___ Data shown ___
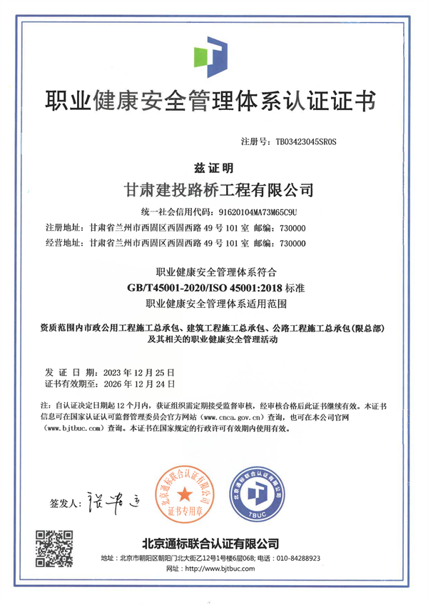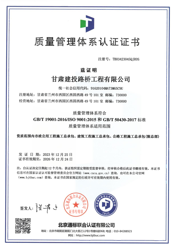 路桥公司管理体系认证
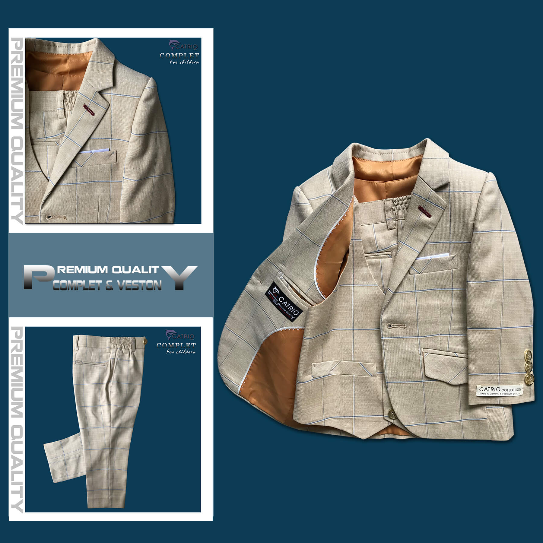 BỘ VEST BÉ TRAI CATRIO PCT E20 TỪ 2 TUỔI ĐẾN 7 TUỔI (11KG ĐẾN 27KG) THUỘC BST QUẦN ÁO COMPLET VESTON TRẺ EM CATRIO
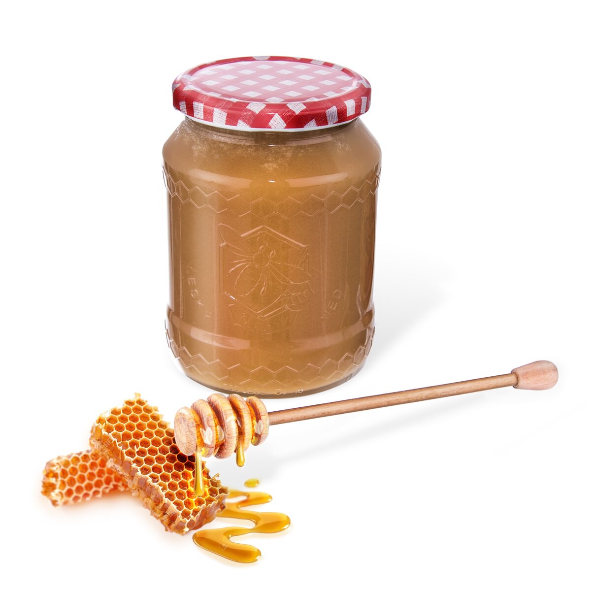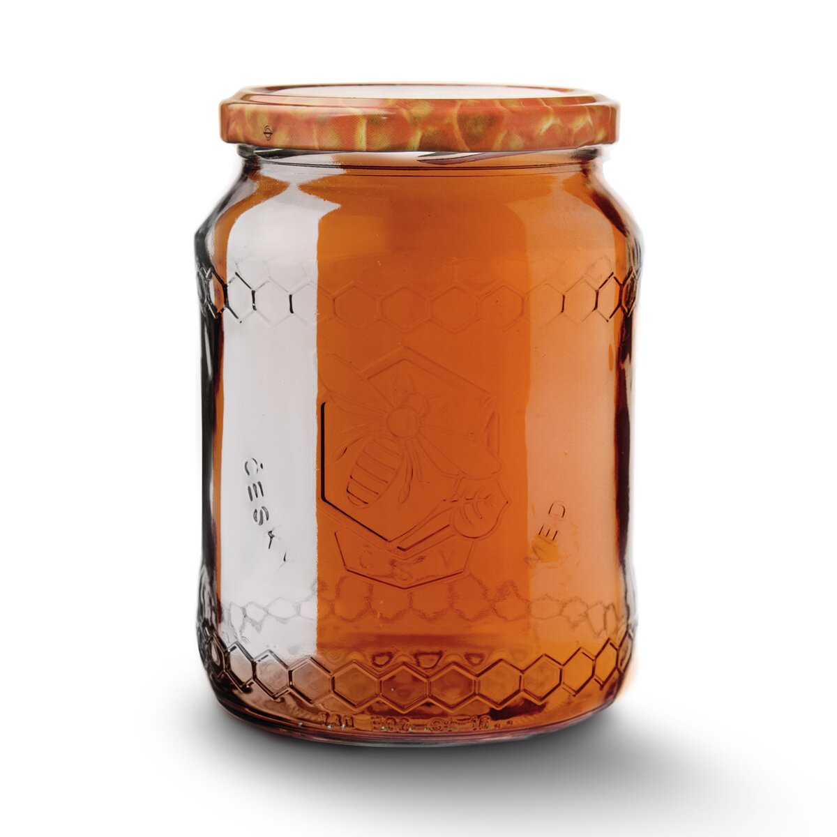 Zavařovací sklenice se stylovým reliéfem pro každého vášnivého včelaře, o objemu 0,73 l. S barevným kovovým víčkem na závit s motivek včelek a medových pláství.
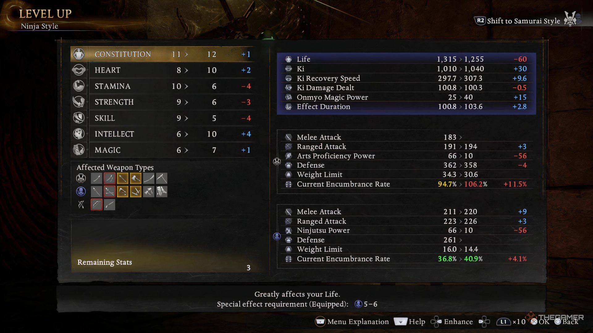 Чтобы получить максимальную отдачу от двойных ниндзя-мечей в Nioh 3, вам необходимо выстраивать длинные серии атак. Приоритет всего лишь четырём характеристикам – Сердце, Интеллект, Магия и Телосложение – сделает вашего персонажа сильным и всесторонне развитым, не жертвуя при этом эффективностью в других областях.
___
Problem to solve -
Restate exactly, please, only the lines between the start of the data and the line containing "Zavařovací sklenice se", both ends included, skipping the pictures.

Completed exercise -
 路桥公司管理体系认证
 BỘ VEST BÉ TRAI CATRIO PCT E20 TỪ 2 TUỔI ĐẾN 7 TUỔI (11KG ĐẾN 27KG) THUỘC BST QUẦN ÁO COMPLET VESTON TRẺ EM CATRIO
 Zavařovací sklenice se stylovým reliéfem pro každého vášnivého včelaře, o objemu 0,73 l. S barevným kovovým víčkem na závit s motivek včelek a medových pláství.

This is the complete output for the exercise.